What this task involves: Skip the pictures and repeat each line of the data exactly.

Data block:

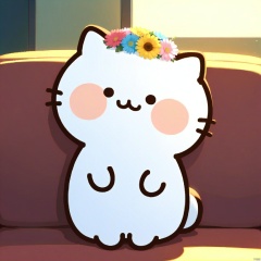 bestquality, 1 cute white cartoon cat, no human, solo, sitting on the couch, round face, small black eyes, dumpy body, flower crown, cartoon
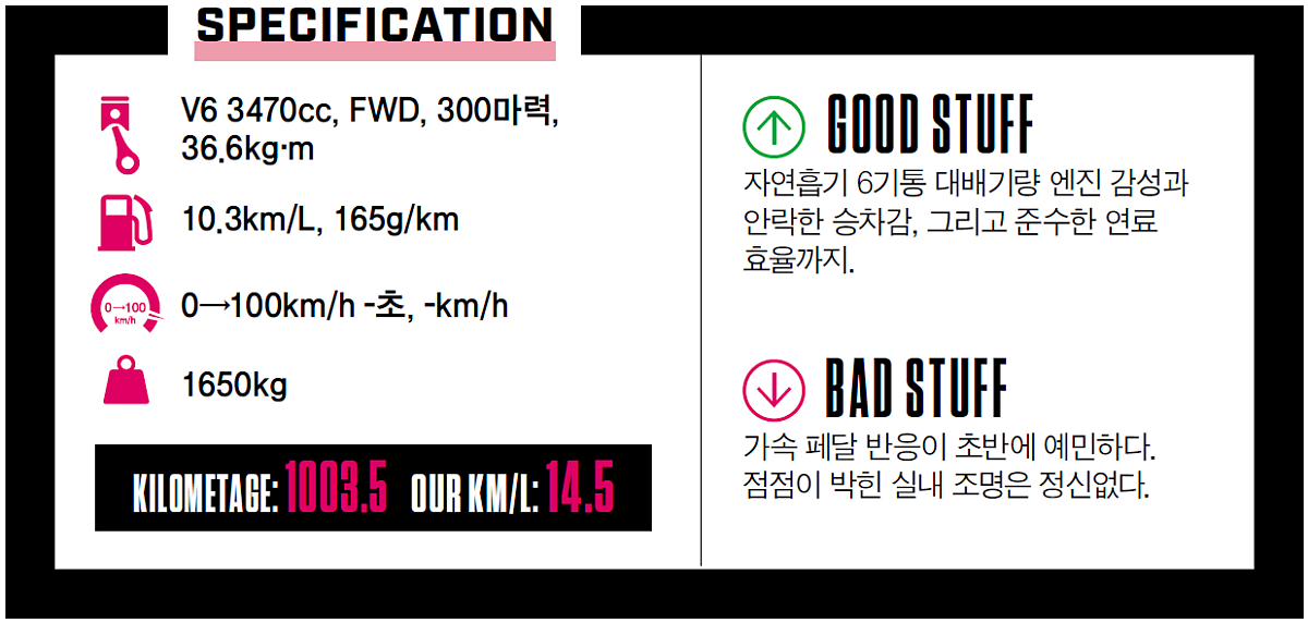 다행히 남쪽에 다다를수록 숨통이 점차 트였다. 뻥 뚫린 도로와 V6 엔진. 기대하고 기대하던 가속력 검증 시간이다. 가속 페달을 끝까지 밟자, 부리나케 8단 변속기가 저단 기어를 물며 rpm(엔진회전수)을 끌어 올린다. 가속이 처음엔 뜨뜻미지근하더니 이내 화끈하게 솟는다. 기분이 다 상쾌하다. V6 엔진이 속 시원한 소리를 퍼뜨리며 고회전으로 치달으면, 태코미터 바늘과 함께 토크가 폭발하듯 끓어오른다. 6500rpm 부근에서 싹둑 기어를 바꿔 무는 변속기가 원망스러울 지경. 엔진회전수가 오르면 도리어 토크는 고꾸라지는 터보가 판치는 요즘 시대에 느끼기 힘든 대배기량 자연흡기 맛이다.
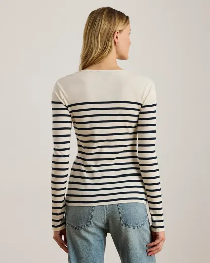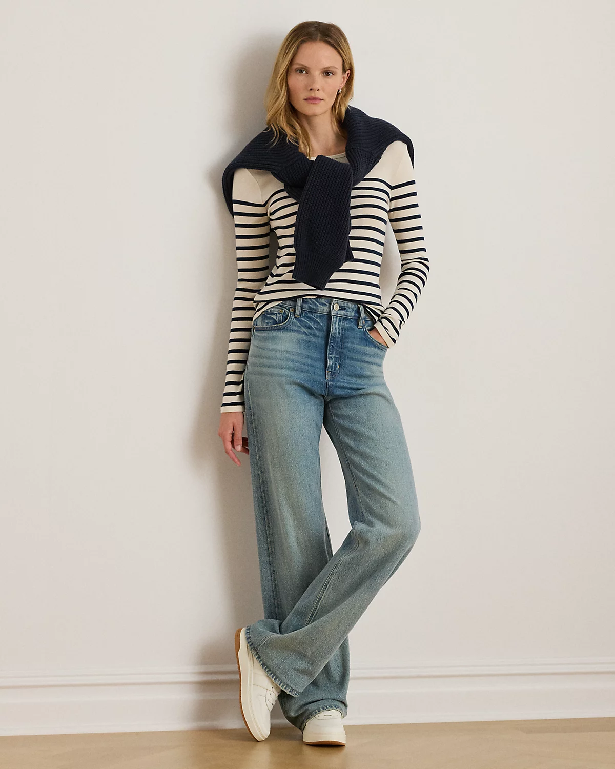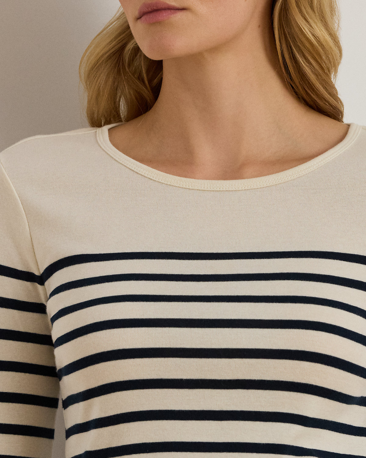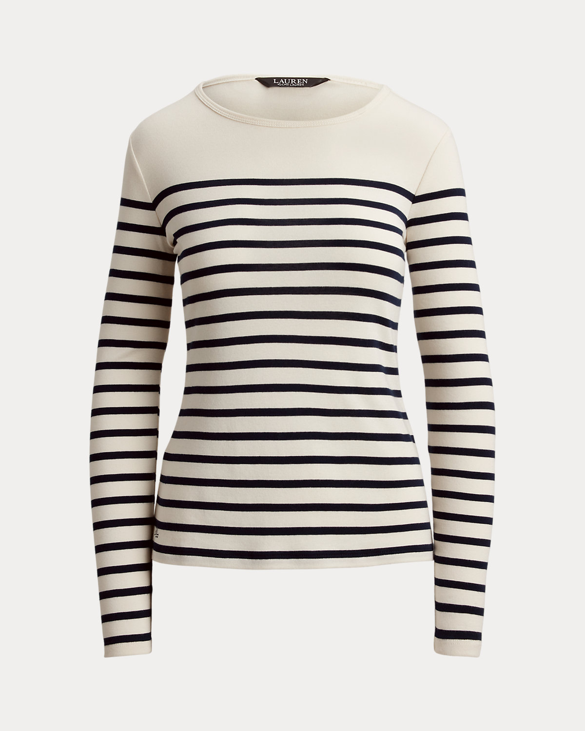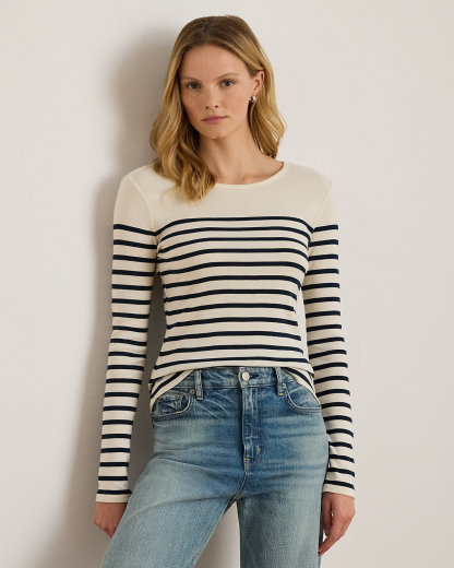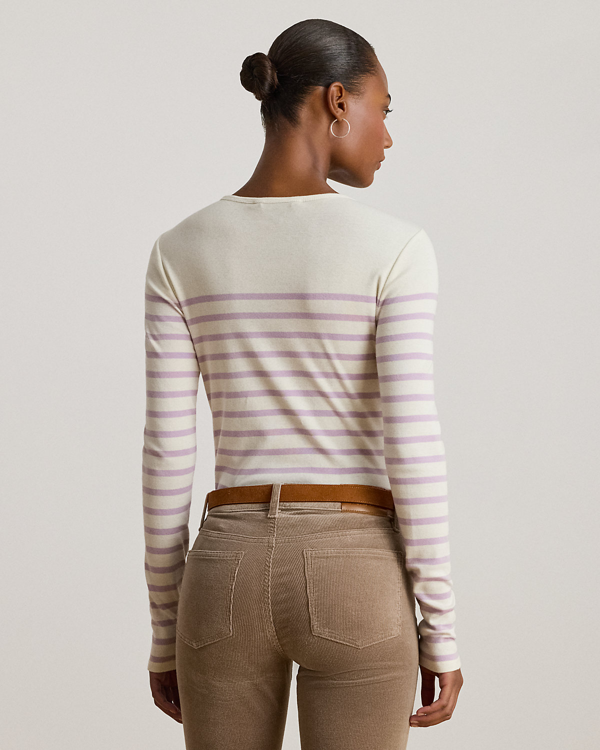 Featuring timeless yarn-dyed stripes, this essential long-sleeve crewneck tee is rib-knit with breathable cotton for a soft hand feel. Lauren’s signature embroidered logo at the hem completes the look.

Finished exercise:
 bestquality, 1 cute white cartoon cat, no human, solo, sitting on the couch, round face, small black eyes, dumpy body, flower crown, cartoon
 다행히 남쪽에 다다를수록 숨통이 점차 트였다. 뻥 뚫린 도로와 V6 엔진. 기대하고 기대하던 가속력 검증 시간이다. 가속 페달을 끝까지 밟자, 부리나케 8단 변속기가 저단 기어를 물며 rpm(엔진회전수)을 끌어 올린다. 가속이 처음엔 뜨뜻미지근하더니 이내 화끈하게 솟는다. 기분이 다 상쾌하다. V6 엔진이 속 시원한 소리를 퍼뜨리며 고회전으로 치달으면, 태코미터 바늘과 함께 토크가 폭발하듯 끓어오른다. 6500rpm 부근에서 싹둑 기어를 바꿔 무는 변속기가 원망스러울 지경. 엔진회전수가 오르면 도리어 토크는 고꾸라지는 터보가 판치는 요즘 시대에 느끼기 힘든 대배기량 자연흡기 맛이다.
 Featuring timeless yarn-dyed stripes, this essential long-sleeve crewneck tee is rib-knit with breathable cotton for a soft hand feel. Lauren’s signature embroidered logo at the hem completes the look.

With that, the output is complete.